The journey toward genuine emotional intimacy requires courage—the willingness to examine your own relationship patterns, feel emotions you might have been avoiding, and risk being truly seen by your partner. For those ready to do this deeper work through couples therapy, the rewards extend far beyond what most people imagine possible in their relationships.
You don't have to wait for a crisis to invest in marriage counseling or couples therapy. Some of the most profound changes happen when people seek relationship counseling during transitions or simply when they want to strengthen their foundation. Prevention is always more effective than crisis intervention, and the communication skills you develop in couples therapy serve you for a lifetime.
The anxious overachievers who find their way to lasting connection aren't the ones who never struggle—they're the ones who recognize that authentic healing requires addressing both symptoms and root causes through professional couples counseling. When you understand that relationship challenges often stem from unconscious processes rather than character flaws, everything changes.
Your relationship deserves personalized attention that honors your unique story, challenges, and goals. Whether you're dealing with trust issues, communication patterns that keep you stuck, or simply want to deepen your emotional connection, relationship therapy support is available.
Counseling can help you develop the skills needed to communicate effectively, resolve conflicts constructively, and build the fulfilling relationship you desire.

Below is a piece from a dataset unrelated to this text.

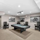 The walk-out basement is truly an entertainer’s dream, offering direct pool access, a massive custom bar with ice maker, commercial-grade beer refrigerators, dishwasher, and sink. Additional highlights include a pool table/game area, a private gym or office space, and a stylishly updated full bathroom.
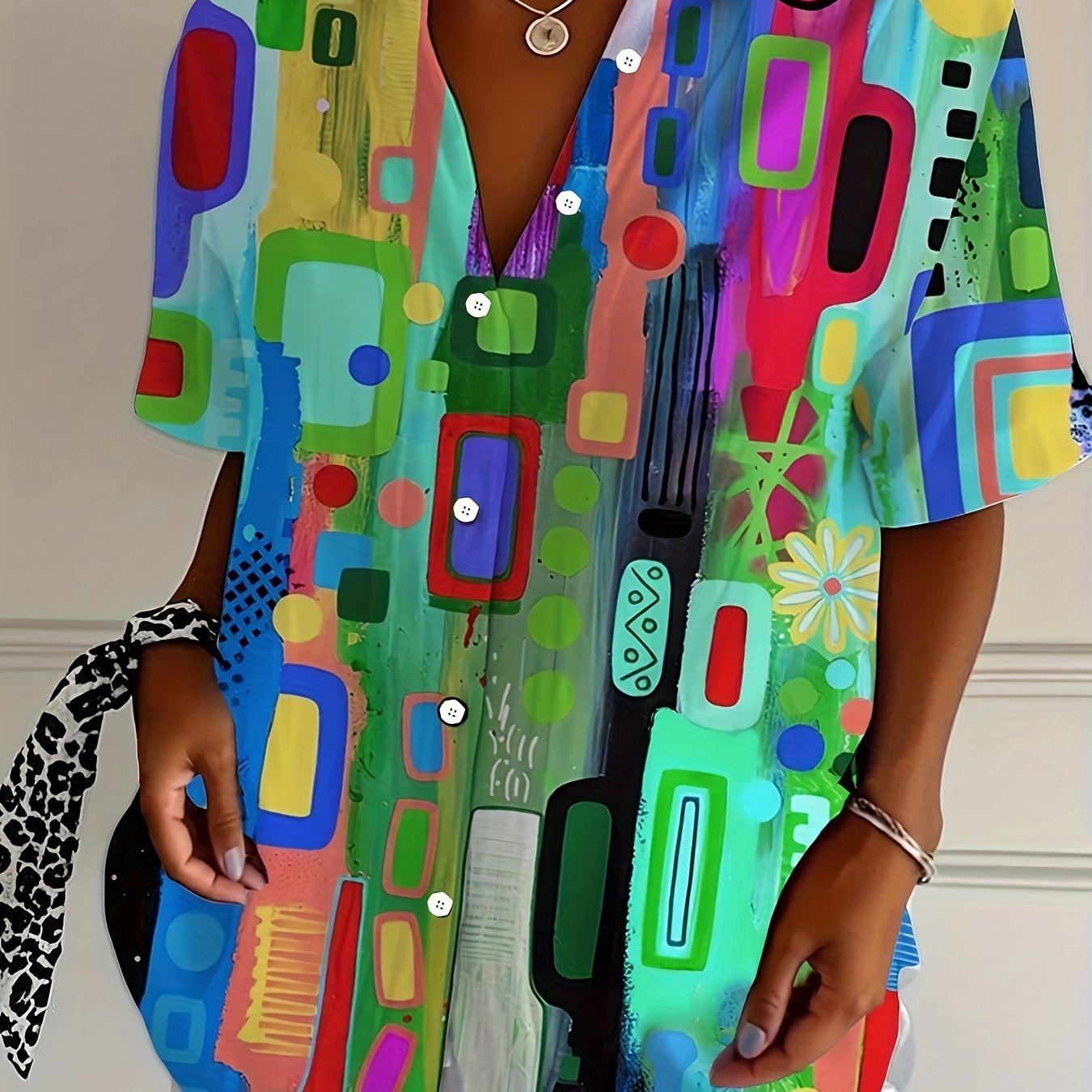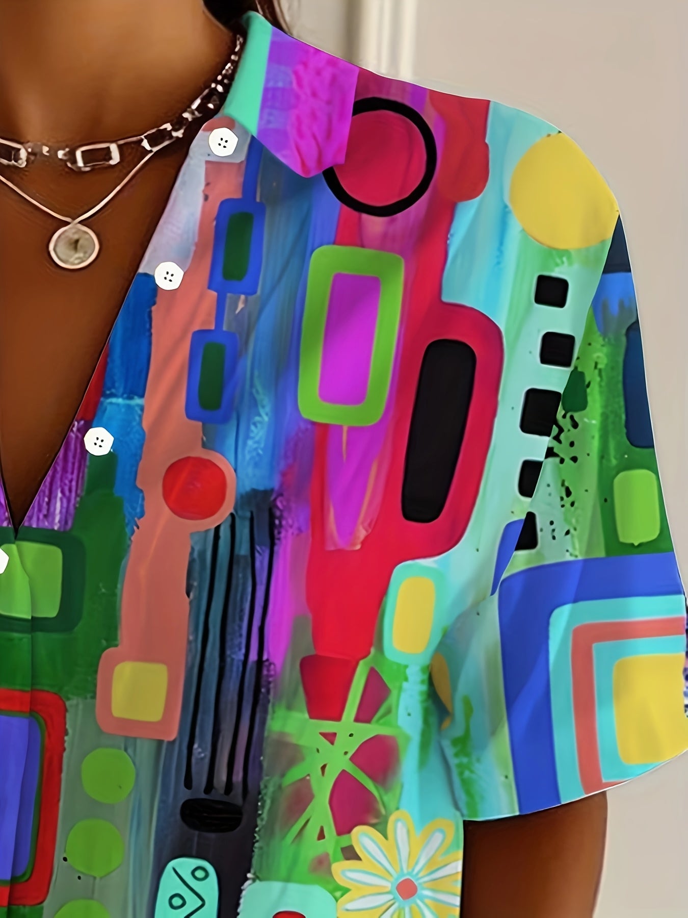 Plus o'lchamli ayollar uchun qisqa sleeve bluz, jonli raqamli bosma, rang-barang abstrakt

Working with an experienced couples therapist who understands the deeper patterns driving relationship distress provides the guidance and tools necessary to create lasting positive change in your romantic relationships.
Contact me for more information about how couples therapy and marriage counseling can support your specific relationship concerns, or to take the next step toward the healthy relationship you've been seeking, reach out today. Your mental health and the quality of your most important relationship are worth the investment.